Exercise: When copying the listing below, skip every picture and keep each word as it stands.

[[ Task inputs open ]]

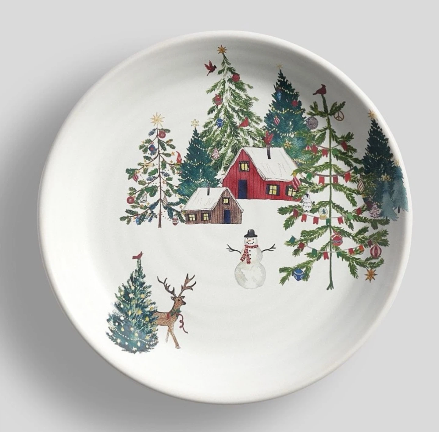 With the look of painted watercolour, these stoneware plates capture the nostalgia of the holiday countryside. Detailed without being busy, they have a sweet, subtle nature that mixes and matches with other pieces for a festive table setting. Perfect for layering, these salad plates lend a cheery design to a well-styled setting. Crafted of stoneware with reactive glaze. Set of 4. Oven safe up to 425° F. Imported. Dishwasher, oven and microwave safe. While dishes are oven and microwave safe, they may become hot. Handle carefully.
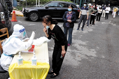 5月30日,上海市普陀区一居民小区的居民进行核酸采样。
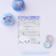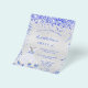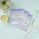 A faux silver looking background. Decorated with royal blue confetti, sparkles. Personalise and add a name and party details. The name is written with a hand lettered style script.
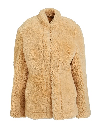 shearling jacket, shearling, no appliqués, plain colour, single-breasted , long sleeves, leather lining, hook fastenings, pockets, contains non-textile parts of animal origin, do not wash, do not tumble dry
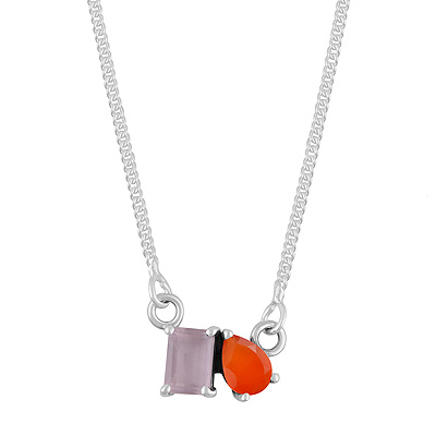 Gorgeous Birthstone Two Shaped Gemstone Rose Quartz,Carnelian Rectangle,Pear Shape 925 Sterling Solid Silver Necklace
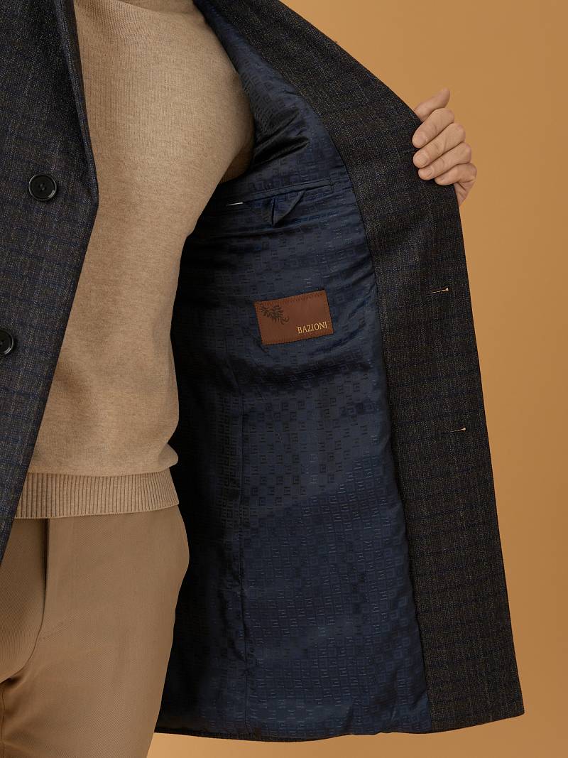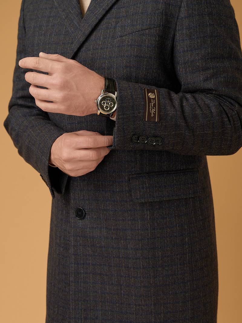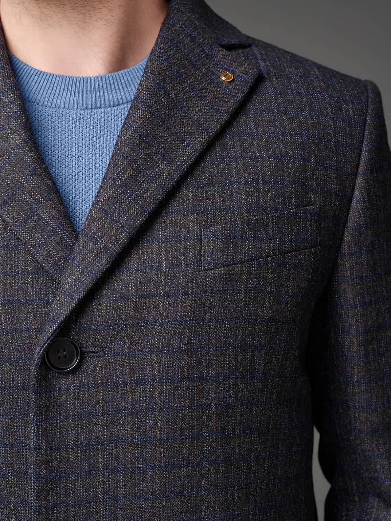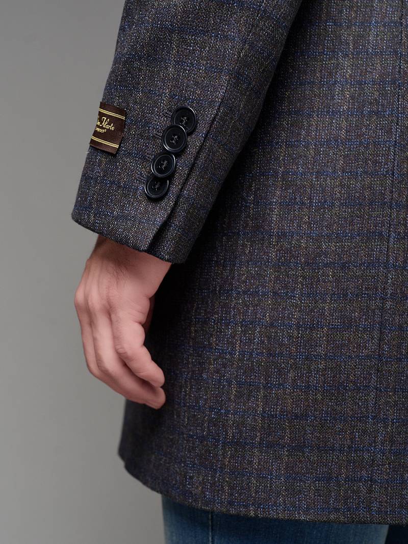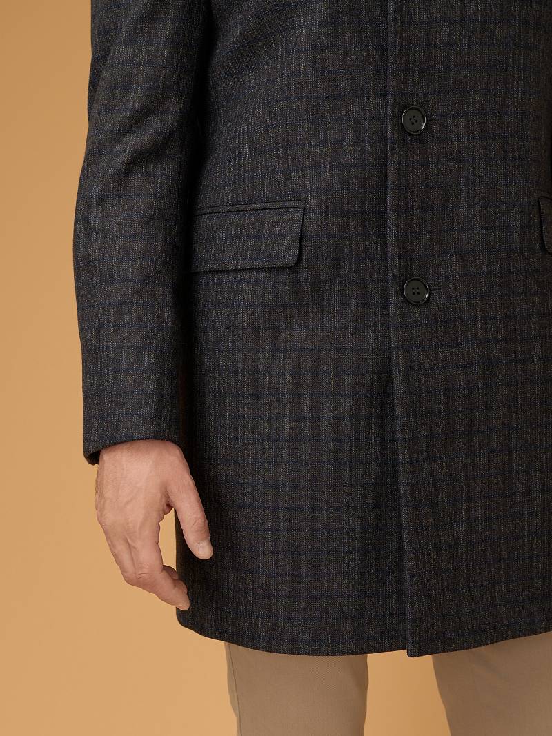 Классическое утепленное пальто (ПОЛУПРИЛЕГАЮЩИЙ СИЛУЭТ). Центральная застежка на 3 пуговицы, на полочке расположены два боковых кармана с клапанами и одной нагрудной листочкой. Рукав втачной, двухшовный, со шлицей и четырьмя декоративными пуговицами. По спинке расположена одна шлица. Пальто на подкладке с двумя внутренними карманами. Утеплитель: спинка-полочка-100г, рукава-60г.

[[ Task inputs closed ]]

Result of the exercise:
 With the look of painted watercolour, these stoneware plates capture the nostalgia of the holiday countryside. Detailed without being busy, they have a sweet, subtle nature that mixes and matches with other pieces for a festive table setting. Perfect for layering, these salad plates lend a cheery design to a well-styled setting. Crafted of stoneware with reactive glaze. Set of 4. Oven safe up to 425° F. Imported. Dishwasher, oven and microwave safe. While dishes are oven and microwave safe, they may become hot. Handle carefully.
 5月30日,上海市普陀区一居民小区的居民进行核酸采样。
 A faux silver looking background. Decorated with royal blue confetti, sparkles. Personalise and add a name and party details. The name is written with a hand lettered style script.
 shearling jacket, shearling, no appliqués, plain colour, single-breasted , long sleeves, leather lining, hook fastenings, pockets, contains non-textile parts of animal origin, do not wash, do not tumble dry
 Gorgeous Birthstone Two Shaped Gemstone Rose Quartz,Carnelian Rectangle,Pear Shape 925 Sterling Solid Silver Necklace
 Классическое утепленное пальто (ПОЛУПРИЛЕГАЮЩИЙ СИЛУЭТ). Центральная застежка на 3 пуговицы, на полочке расположены два боковых кармана с клапанами и одной нагрудной листочкой. Рукав втачной, двухшовный, со шлицей и четырьмя декоративными пуговицами. По спинке расположена одна шлица. Пальто на подкладке с двумя внутренними карманами. Утеплитель: спинка-полочка-100г, рукава-60г.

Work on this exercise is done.